The GoogleSQL query that contains the test and control data to analyze. The table of input data that you specify in the query must contain exactly the columns that you reference in the CONTRIBUTION_METRIC, DIMENSION_ID_COLS, and IS_TEST_COL options.

Choose test and control data

Contribution analysis models require test and control data in a single table as input. The control set is used as a baseline to compare against the test set, which contains the data points of interest. The following are examples of test and control sets:

  • Periods of time: Compare two different months of revenue data.
  • Geographic regions: Compare retention rate across different countries.
  • Product types: Compare sales per user across different product types.
  • Campaign or promotion: Compare website engagement across different ad campaigns.
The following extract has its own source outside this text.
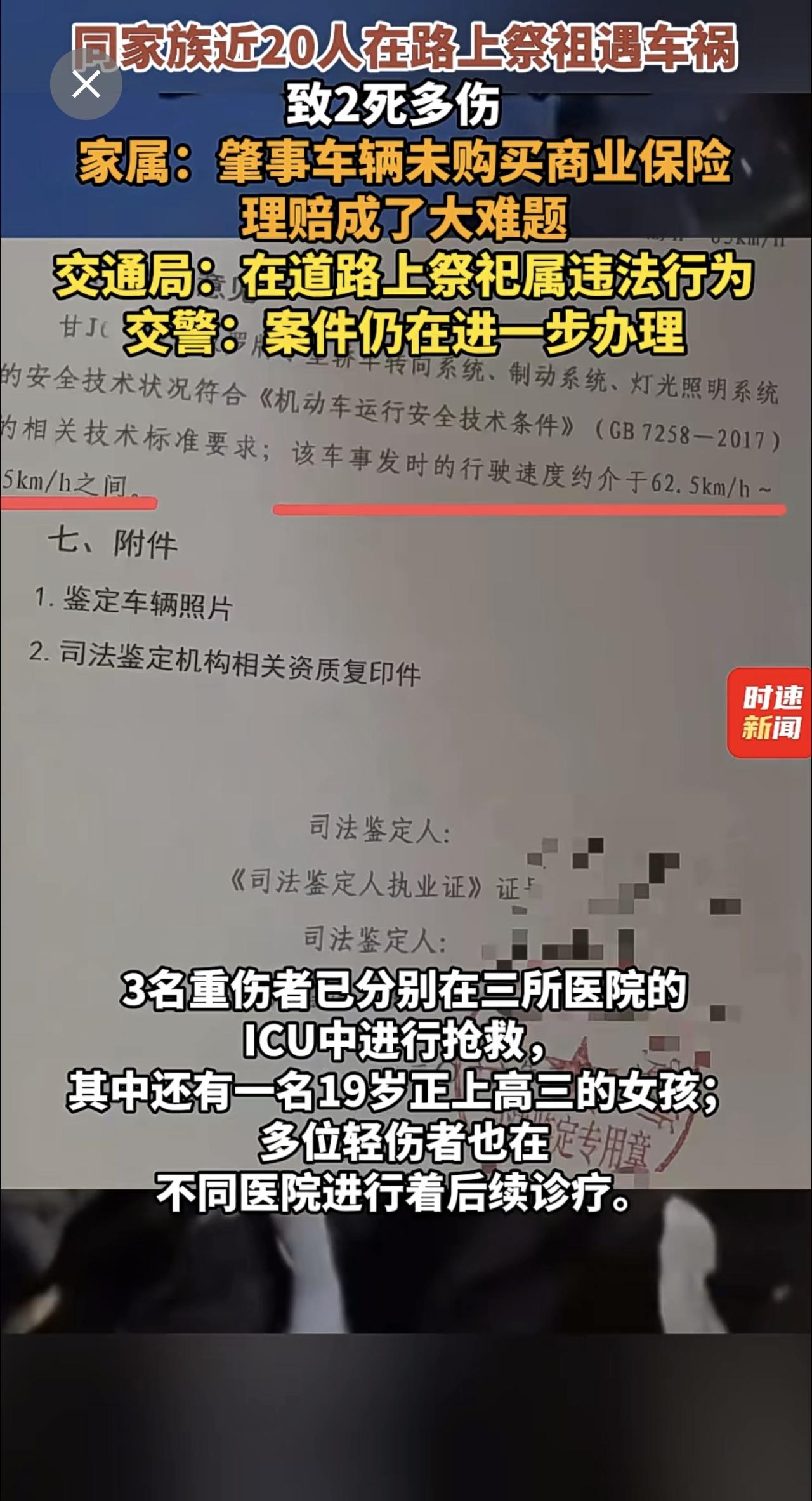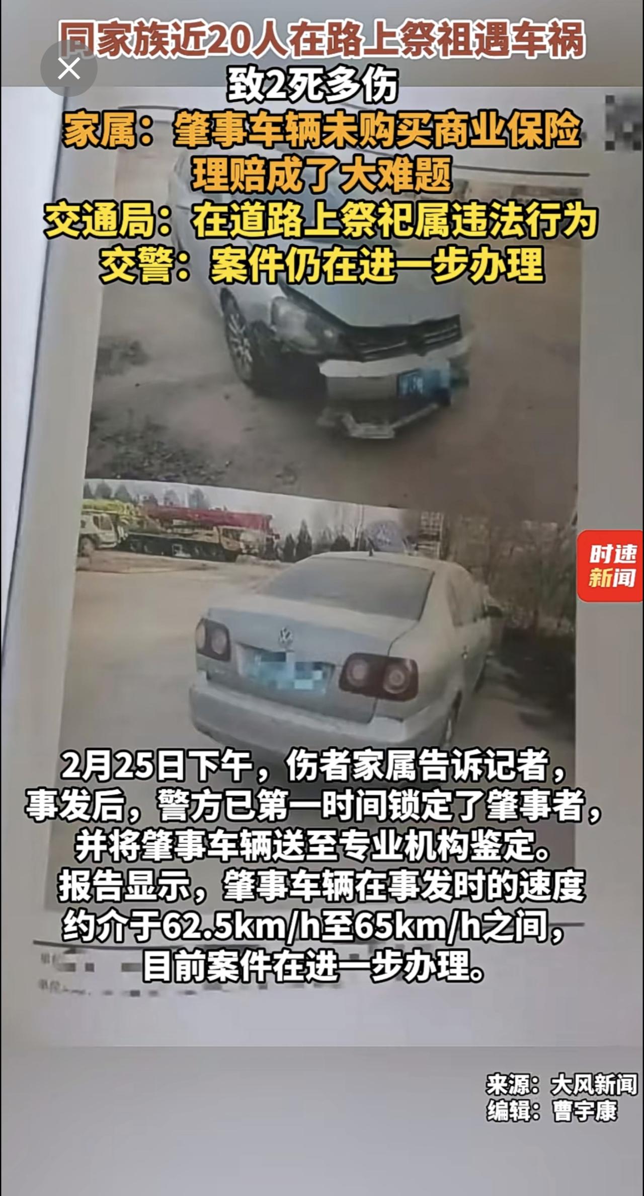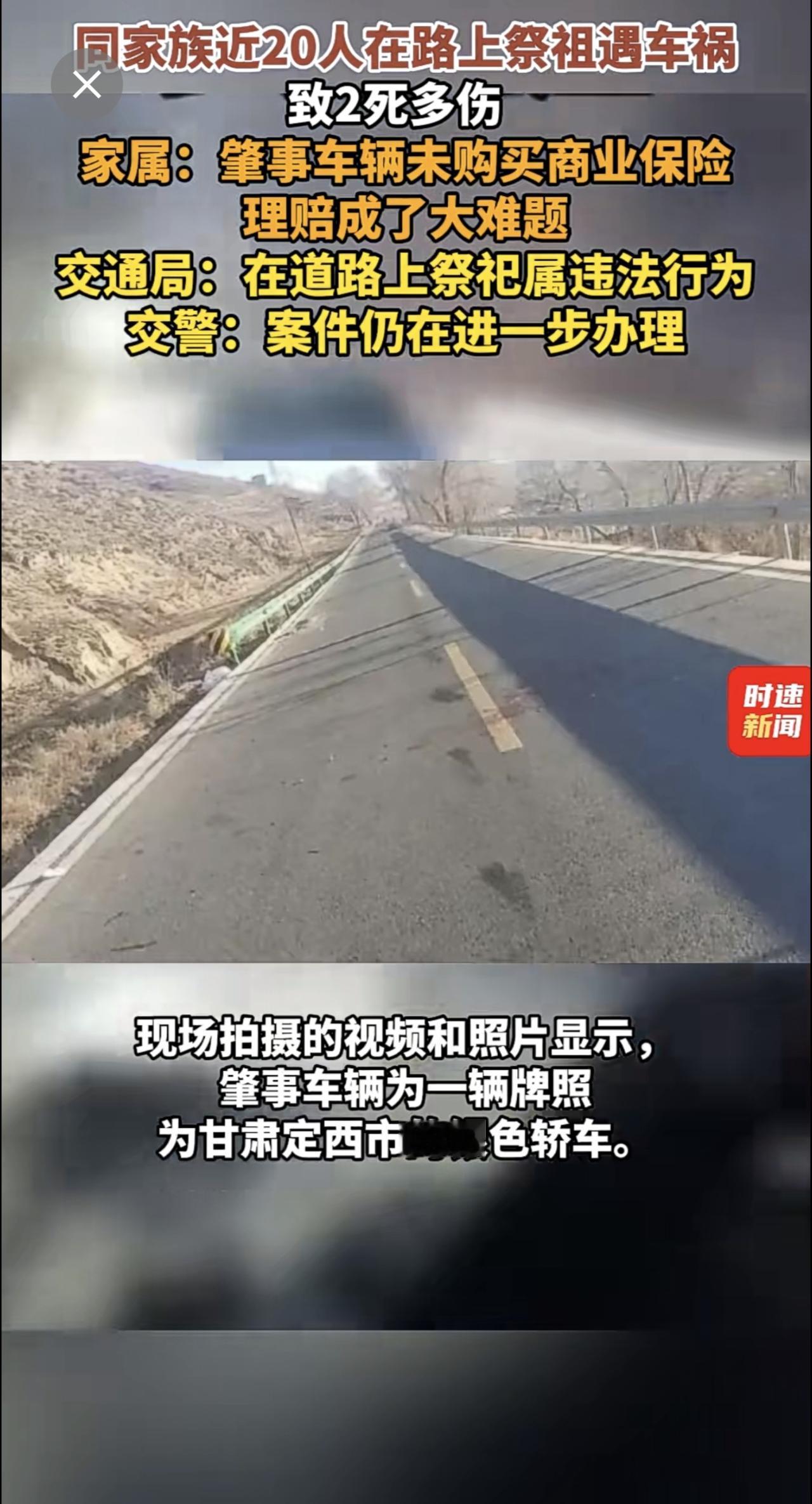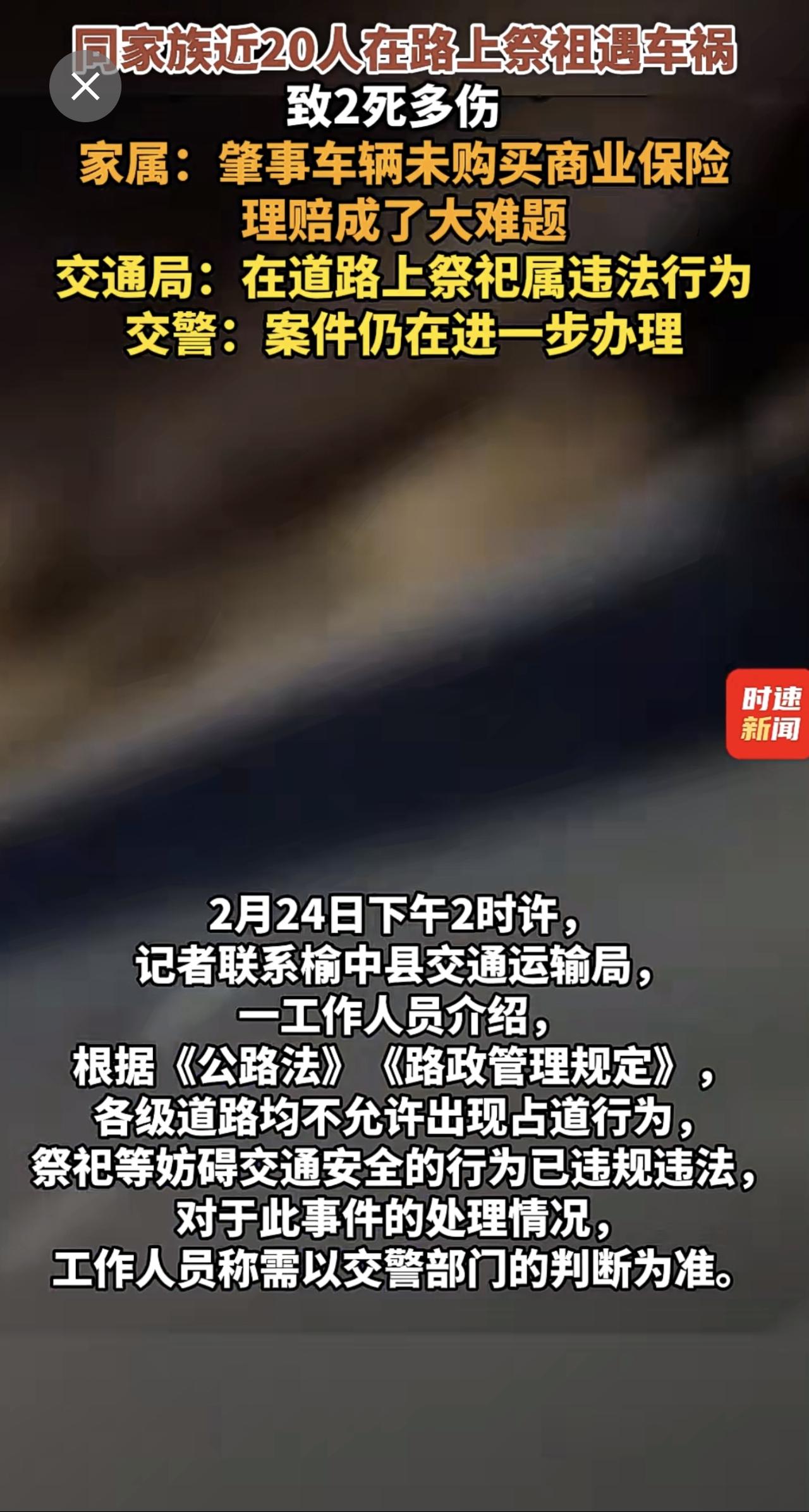 同家族近20人在路上祭祖遇车祸致2死多伤 ,家属:肇事车辆未购买商业保险,理赔成了大难题,交通局:在道路上祭祀属违法行为,交警:案件仍在进一步办理

To set up the input data, you can create tables of test and control data separately and take the union of the two tables. The final input table must contain your dimension columns, numeric metric columns, and a categorical column if you're using a summable by category metric. For best results, we recommend having roughly equal numbers of test and control rows when using the summable and summable ratio metrics to avoid biased results. If the number of test and control rows are unbalanced, then the summable by category metric might reduce bias by normalizing the numeric metric against categorical values, allowing for easier comparisons between contributors.

Use a summable metric

A summable metric contribution analysis model summarizes the values of a metric column that you specify, and then determines a total for each segment of the data. For example, you might summarize by revenue, or by number of items sold.

An example input dataset for a summable metric contribution analysis model might look similar to the following table:

product store city revenue is_test
shoe_1 store_2 Mountain View 100 true
shoe_1 store_3 Sunnyvale 200 true
shoe_2 store_1 San Francisco 85 true
shoe_1 store_2 Mountain View 100 false
shoe_1 store_3 Sunnyvale 150 false
shoe_2 store_1 San Francisco 175 false

In this example, the numerical revenue column provides the metric to analyze. The product, store, and city columns are the dimensions to analyze as contributors to total revenue. The is_test column value indicates whether the row belongs to the test set or the control set. Your CREATE MODEL statement would include the following:

CONTRIBUTION_METRIC = 'SUM(revenue)',
DIMENSION_ID_COLS = ['product', 'store', 'city'],
IS_TEST_COL = 'is_test',

Use a summable ratio metric

A summable ratio metric contribution analysis model summarizes the values of two numeric columns that you specify, and determines the ratio between them for each segment of the data. For example, you might analyze the ratio between cost and clicks values to determine the cost per click in an ad campaign.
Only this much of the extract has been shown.